Task prompt — Copy the listing as it is written, and leave each picture out.

Dataset content —
########################################

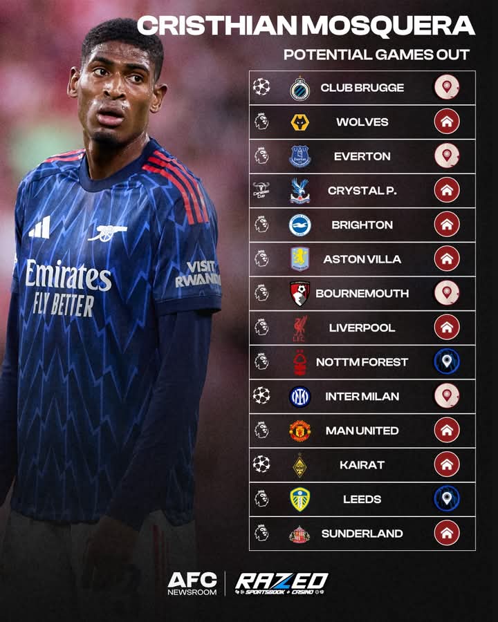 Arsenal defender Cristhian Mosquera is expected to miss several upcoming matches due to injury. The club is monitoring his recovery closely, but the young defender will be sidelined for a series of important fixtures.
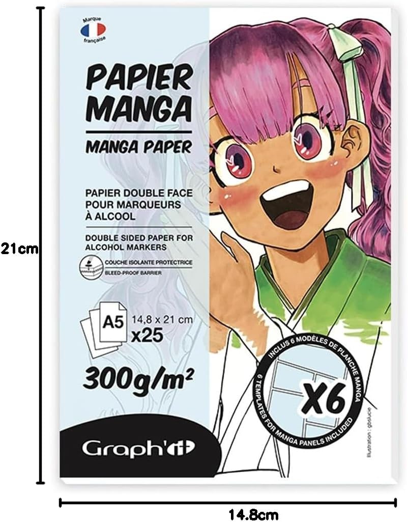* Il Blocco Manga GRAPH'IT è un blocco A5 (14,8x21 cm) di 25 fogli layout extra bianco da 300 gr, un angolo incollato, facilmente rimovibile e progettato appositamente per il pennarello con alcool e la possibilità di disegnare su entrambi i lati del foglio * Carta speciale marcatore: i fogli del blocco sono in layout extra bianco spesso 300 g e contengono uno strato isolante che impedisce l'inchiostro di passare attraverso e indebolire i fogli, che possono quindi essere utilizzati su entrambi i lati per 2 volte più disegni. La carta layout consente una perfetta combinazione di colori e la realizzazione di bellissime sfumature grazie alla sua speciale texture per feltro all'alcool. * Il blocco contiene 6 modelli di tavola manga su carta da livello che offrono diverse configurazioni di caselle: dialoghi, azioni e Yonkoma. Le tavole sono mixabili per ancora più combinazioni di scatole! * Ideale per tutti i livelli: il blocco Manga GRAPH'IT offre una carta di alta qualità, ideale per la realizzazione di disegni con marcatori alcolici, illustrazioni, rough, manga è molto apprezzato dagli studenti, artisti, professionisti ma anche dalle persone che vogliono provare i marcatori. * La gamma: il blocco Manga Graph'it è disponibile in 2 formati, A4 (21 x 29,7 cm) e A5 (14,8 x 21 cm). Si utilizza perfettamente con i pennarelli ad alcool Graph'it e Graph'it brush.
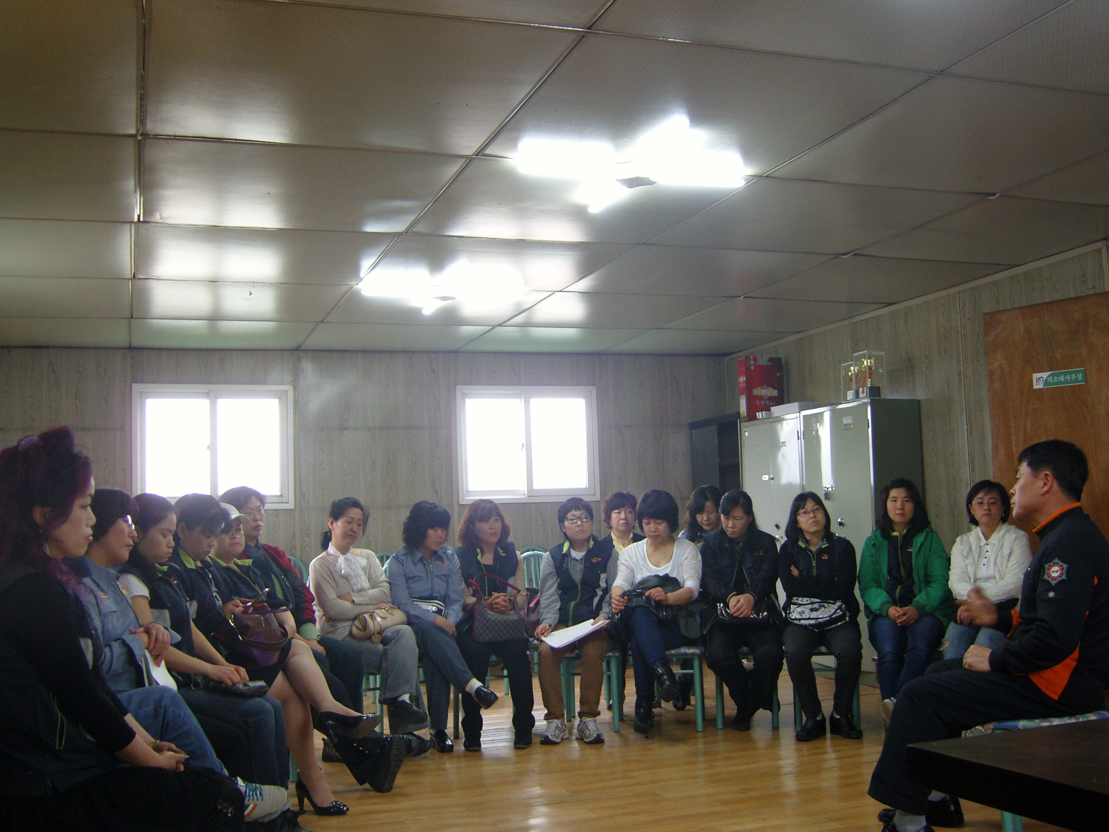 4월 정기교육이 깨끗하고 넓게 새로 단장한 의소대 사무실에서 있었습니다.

########################################

Answer —
 Arsenal defender Cristhian Mosquera is expected to miss several upcoming matches due to injury. The club is monitoring his recovery closely, but the young defender will be sidelined for a series of important fixtures.
* Il Blocco Manga GRAPH'IT è un blocco A5 (14,8x21 cm) di 25 fogli layout extra bianco da 300 gr, un angolo incollato, facilmente rimovibile e progettato appositamente per il pennarello con alcool e la possibilità di disegnare su entrambi i lati del foglio * Carta speciale marcatore: i fogli del blocco sono in layout extra bianco spesso 300 g e contengono uno strato isolante che impedisce l'inchiostro di passare attraverso e indebolire i fogli, che possono quindi essere utilizzati su entrambi i lati per 2 volte più disegni. La carta layout consente una perfetta combinazione di colori e la realizzazione di bellissime sfumature grazie alla sua speciale texture per feltro all'alcool. * Il blocco contiene 6 modelli di tavola manga su carta da livello che offrono diverse configurazioni di caselle: dialoghi, azioni e Yonkoma. Le tavole sono mixabili per ancora più combinazioni di scatole! * Ideale per tutti i livelli: il blocco Manga GRAPH'IT offre una carta di alta qualità, ideale per la realizzazione di disegni con marcatori alcolici, illustrazioni, rough, manga è molto apprezzato dagli studenti, artisti, professionisti ma anche dalle persone che vogliono provare i marcatori. * La gamma: il blocco Manga Graph'it è disponibile in 2 formati, A4 (21 x 29,7 cm) e A5 (14,8 x 21 cm). Si utilizza perfettamente con i pennarelli ad alcool Graph'it e Graph'it brush.
 4월 정기교육이 깨끗하고 넓게 새로 단장한 의소대 사무실에서 있었습니다.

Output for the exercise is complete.